The reader for the audiobook is EXCELLENT and he alone almost makes the book worth my credit. Almost.
The story on the other hand...the first two thirds of the book are well done, but then it just loses its way and never comes to a point. We are left hanging as to the fate of several of the characters and the ending is pointless and stupid. I wish the author would rewrite the last third of the book and actually come up with an ending instead of the total cop out we are asked to accept.

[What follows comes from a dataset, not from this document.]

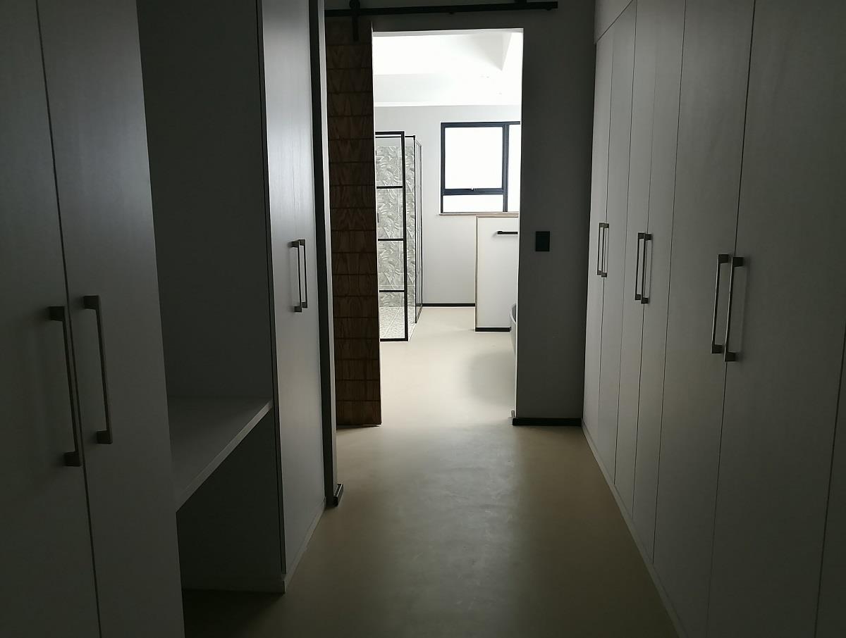 Downstairs: As you step through the entrance, you'll be greeted by an open-plan living area that seamlessly integrates the kitchen, dining room, and lounge. The space is perfect for entertaining, with folding doors that open to a charming patio and braai area, allowing for effortless indoor-outdoor living. A guest cloakroom on this level adds to the convenience.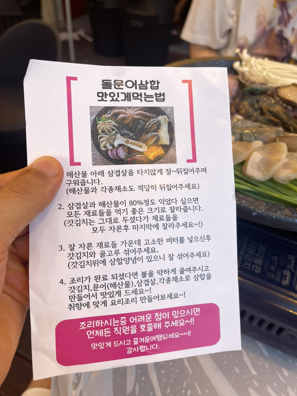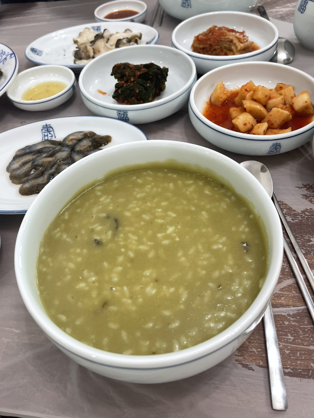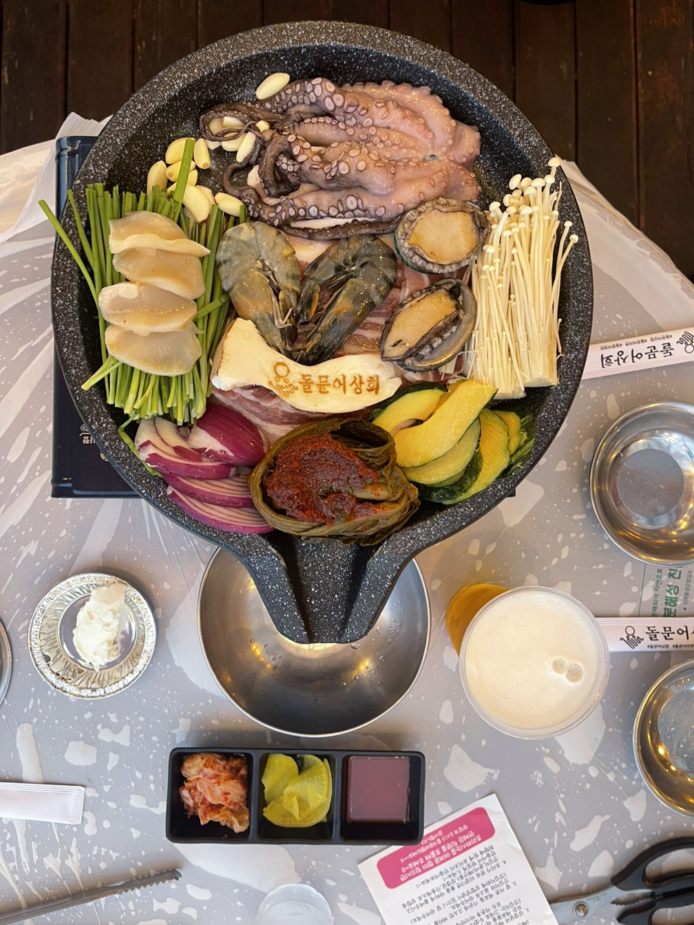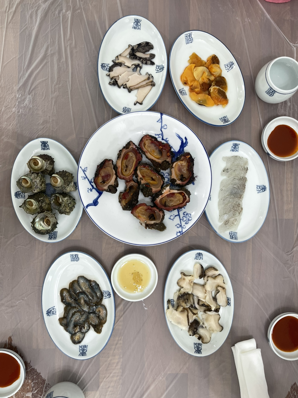 메뉴는 전북죽 하나. "가격이 좀 비싼데?" 싶은 마음이 모두에게 든다. "다른 메뉴는 없나요?" 묻자 서빙하시는 분이 대답하신다. "전복죽 주문하시면 해물 곁들이찬이 나옵니다". 아 여기는 그런 시스템이구나. 전북죽 셋을 주문하고 기다리다 입과 눈이 쩍 벌어지는 일이 생겼다. 곁들임 찬으로 가지고 온 해물 7가지를 차려 주신다. 그 퀄리티가... 와... 아... 대... 박... 딱! 우리가 먹기 좋을 만큼 분량의 해삼, 전복, 소라, 고동, 돌멍게, 멍게, 회를 차려 주신다. 배보다 배꼽이 훨씬 크고 고퀄리티인 상황. 그 싱싱함은 말할 필요도 없다. 한정식을 먹으려던 계획이 싹 사라졌다. 이 정도면 충분히 신선한 해물을 흡입하는 거다. 감동 그 자체.

"But it started out so well..."
The good: the narrator works his rear end off to make this sorry endeavor succeed and does it well. He was a joy to listen to. The bad: nearly everything else. How a book can begin so well and end so badly is the real mystery here. If Ms. Maitland had stuck to using her premise to create a humane story calculated to show us just how far we have come as a species, and remind us why we must continue to oppose ignorance, bigotry, supersitition, and mass violence she would have done well, and did so in the beginning. However she continued on to superimpose modern issues and morays onto a medieval story (gay hot-tubbing during the Great Plague foresooth!). This is self-indulgence of the worst sort. Futhermore she seems to have felt compelled to top each new "secret" with an even more outrageous or absurd one until, at the end, she becomes merely laughable. Well, no, in truth I held my head and cringed in embarassment for her. I listened to the end in the same way that one might watch a moving car hit a pedestrian: horrified but unable to look away.
I'll give this book very high marks for historical accuracy - down to the cold, wet summer of 1348 and the livestock falling to the pestilence as well as humans. Compare that to Follet's World Without End, where it is always bright and sunny.
The story itself is pretty good - a group of travellers are thrown together and try to outrun the plague, while we learn about their lives and secrets. I suppose you could say the same about your typical zombie movie. It's working here, however. My main criticism would be the "twist" ending (no spoilers), which is wholly unnecessary to wrapping up the story. I suppose it does resolve the question as to why the author chose that particular voice as narrator, but the story would have worked just as well without it.
"Starts well ends in a smoke puff"
This book starts well and the story, which is told against the backdrop of the Balck Death, is well written. The company of liars are a little too disparate to be beleivable but then again Chaucer wrote a story on the same them with similarly disparate characters.
Howerver, the story is too long and into the second part your interest vanes and into the third part is almost completely lost. Then a little suspense heightens the tempo and now this story becomes a "whodunnit" - a little unexpected, but a nice turn by the author.
At the very end all the loose threads are supposed to be tied togehter and this is where the auhor completely loses it. The "explanations" are not well composed and completely against the logic of the previous story.
Spend your time listening to something else.
"A Fascinating Page Turner"
This book was a wonderful experience. It never ceased to entertain, educate and please.
This was a wonderful story with great characters, but there were serveral things that went unanswered that I thought would tie up in the end, but sadly they didn't. When it ended, I was surprised and I thought there was more and I thought that I forgot to download the last part. It ended to abrubly for me. Other than that, it was a good book and a good read.
This is the type of book that is best enjoyed as an audio book. The story consists of a lot of dialogue that is very well read and truly makes the story come alive!
Brilliant!! It reminds me of the Canterbury Tales in that the author uses lets characters tell their own stories as they wonder in and out of the story. I really enjoyed watching Maitland weave her story, just delightful --- great dialog, rounded characters and lots of historical tidbits. And more than a few surprises!
So much superstition wrapped around religion-gone-vicious, so much poverty and illiteracy facing an unseen killer. Maitland does a great job of telling a can't-put-it-down story
David Thorpe delivers an excellent performance as narrator. First rate!